On day 11 of the 21 days of modelling I tried to be non verbal to fully immerse myself in AAC.

Wowsers, tough doesn’t even scrape the surface.

It was frustrating and I was slow. I couldn’t find the words fast enough and I could see people getting bored with me and I only did it at home with the children!

I even found myself breathing differently as the anxiety of not getting my message across took over every element of my focus. One thing that struck me throughout was how incredibly lonely I felt. I could see and hear what was going on but was unable to keep up to comment or respond to interactions going on around me. I gave up on trying to become involved unless communication was actually directed towards me and even then it took time and patience for the response to be composed.

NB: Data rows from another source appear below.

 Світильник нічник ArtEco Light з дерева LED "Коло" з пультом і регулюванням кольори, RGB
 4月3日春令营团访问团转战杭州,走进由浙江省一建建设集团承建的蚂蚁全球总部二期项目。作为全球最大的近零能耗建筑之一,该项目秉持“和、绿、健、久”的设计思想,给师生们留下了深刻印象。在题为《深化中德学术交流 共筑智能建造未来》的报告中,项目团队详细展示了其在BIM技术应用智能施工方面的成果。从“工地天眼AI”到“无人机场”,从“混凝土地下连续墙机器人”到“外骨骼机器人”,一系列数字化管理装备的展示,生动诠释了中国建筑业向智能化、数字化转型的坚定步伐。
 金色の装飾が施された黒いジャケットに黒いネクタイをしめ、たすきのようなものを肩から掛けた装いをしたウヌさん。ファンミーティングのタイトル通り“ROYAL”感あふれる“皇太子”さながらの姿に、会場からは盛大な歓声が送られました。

It certainly helped me try to understand the difficulties that Dylan has when using AAC and ensured that I allowed him more time and space to be able to use it efficiently.

 

August 2016 also marks five years since we took Dylan out of school and had him full-time at home. I remember summer 2011 clearly and the terror and dispair we felt when we made the leap to remove him from special ed.

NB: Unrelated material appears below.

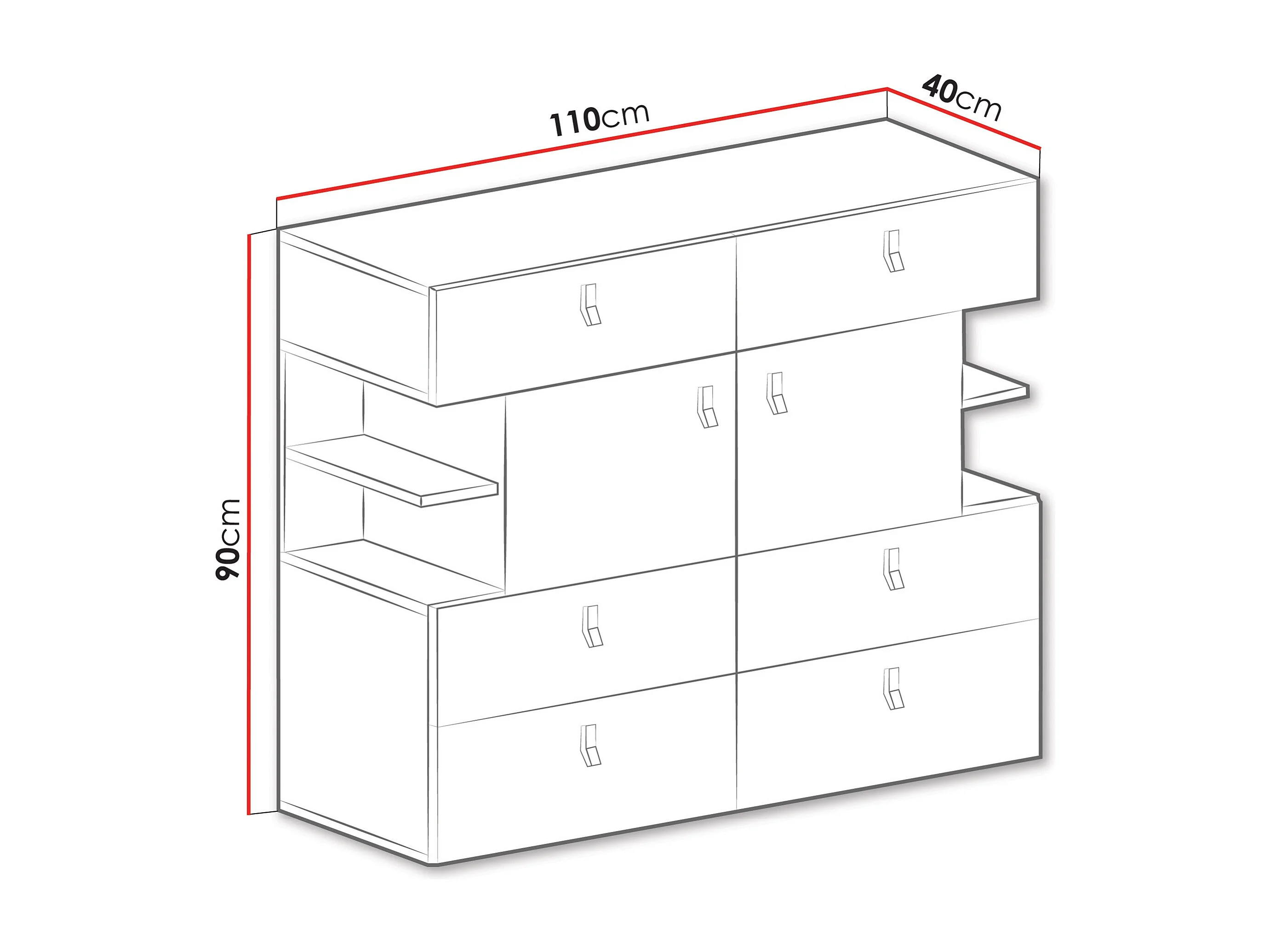 Commode Camteso 106, Beige|Chêne|Noir, Tiroirs et portes, Nombre de tiroirs: 6, 90x110cm

To be honest we had nothing left to lose.

When we took Dylan out of school he was like a little frightened feral mouse. He couldn’t sit, he was constantly twitching, he couldn’t respond to his name and wouldn’t come when he was called. He couldn’t hold a pencil, use a knife and fork, he couldn’t count, couldn’t use glue appropriately, he couldn’t read. He would smear his saliva over every single surface. He would run, flapping his hands from one end of the room to the other all day long. He would go upstairs when people came around and wouldn’t come down until they had left. He would verbally stim constantly, loud irritated humming, intermittently peppered with screeched, hand flapping or a constant ‘pill rolling’ motion with his fingers which would intensify when out-of-doors. No meltdowns, this was just what Dylan needed to do to get through the experience of being overwhelmed and anxious, I realise that now.

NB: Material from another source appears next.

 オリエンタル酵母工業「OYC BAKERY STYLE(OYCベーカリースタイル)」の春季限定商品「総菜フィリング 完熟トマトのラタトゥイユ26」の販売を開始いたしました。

People used to stare, unsure of what to make of him. He didn’t look disabled or unwell; just really odd. We were lost with what to do to help him. School were unconcerned, and denied us any concerns – Dylan’s lack of development was always put down to his autism ‘this is autism’ they would say, like what more did we want?

We wanted more so we went and we did it.

 

5 years on it’s the best thing we ever did.